Speaking on the incident, Barrister Kenneth said that a cardinal cultural ethos of the Igbo people is that the stranger’s life and his property, are sacred, and must be protected and defended at all costs, even at the risk of personal harm, and even death.

He narrated further that, “when therefore news reached me last year, amid the turbulence of the ENDSARS riot, that a baying mob, drawn from Obigbo, Rivers State, were at the gate of my country home, threatening to burn it down unless six Hausa boys who had sought refuge therein were given to them to kill, I instructed my younger brother to dare the mob and keep the gate firmly shut; under no circumstances were the boys to be yielded.”

Ibrahim and his friends all Northern Muslims, who had lost their entire wares and life savings, and barely escaped with their lives during the riot, were petty traders at the Onions market situated near the mosque at Uratta, Aba, Abia State, along the Aba axis of the Enugu – Portharcourt Express road.

The market had come under a vicious hate attack during the ENDSARS crisis and was completely razed as traders wares and belongings were destroyed and money snatched.

Mr Kenneth who said a part of him died when he heard about the brutality and mob action against the innocent traders, recalled that when his family refused to hand the boys to the mob, their resistance paid off, “and with the aid of the Army, the evil mob was dispersed, and after ten days, Ibrahim and his brothers, shaken and traumatized, returned to Kano.”

He revealed that he became very emotional when Ibrahim’s mother defied language barriers and insisted on speaking to him to express her eternal gratitude.

“She wept throughout the exchange; I didn’t understand a word of what she said to me in Hausa, but her howls and moans communicated most eloquently to me, the depth of her gratitude.

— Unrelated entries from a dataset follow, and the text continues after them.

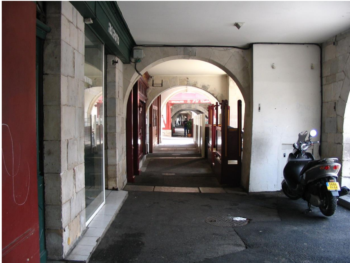
Vue sous les arceaux
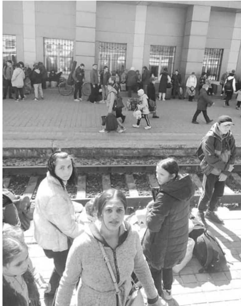
Під час евакуації з Покровська, що на Донеччині, люди були в паніці. В той день рашисти кинули ракету на Краматорськ, де загинуло більше півсотні мирних жителів

— Коли ми вже виїхали з Покровська і прямували до Чернівців, ворог здійснив ракетний обстріл по залізничному вокзалі у Краматорську, що теж на До-
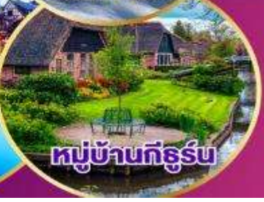
หมู่บ้านกังธูร์น
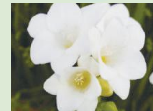
2020年春デビュー予定のエアリーフローラ純白新品種
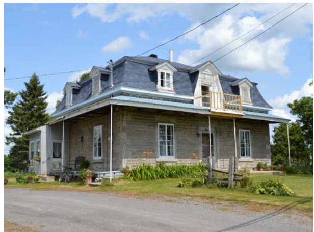
2985, avenue des Perron (Auteuil), variante à quatre versants.

“At the height of the Onions crisis in the South, Ibrahim’s mother had remembered us, and had sent him to me, with a bag of “agricultural gold”, to thank us, and Ibrahim had come, defying danger.

“I had never seen such an unadulterated show of epic gratitude,” Mr Kenneth said, recalling that Ibrahim has since then, Ibrahim has remained in the community, a shadow of his old self, but still hopeful and cheerful, and has steadfastly kept in touch with him, in faraway Abuja.

He noted that though a sojourner with different ethnic and religious learning, Ibrahim has found a place in his heart as a friend and a son.

It was gathered that Ibrahim and some of his friends have returned to the same community where they are reassured of their safety with supports from Igbo youths and leaders.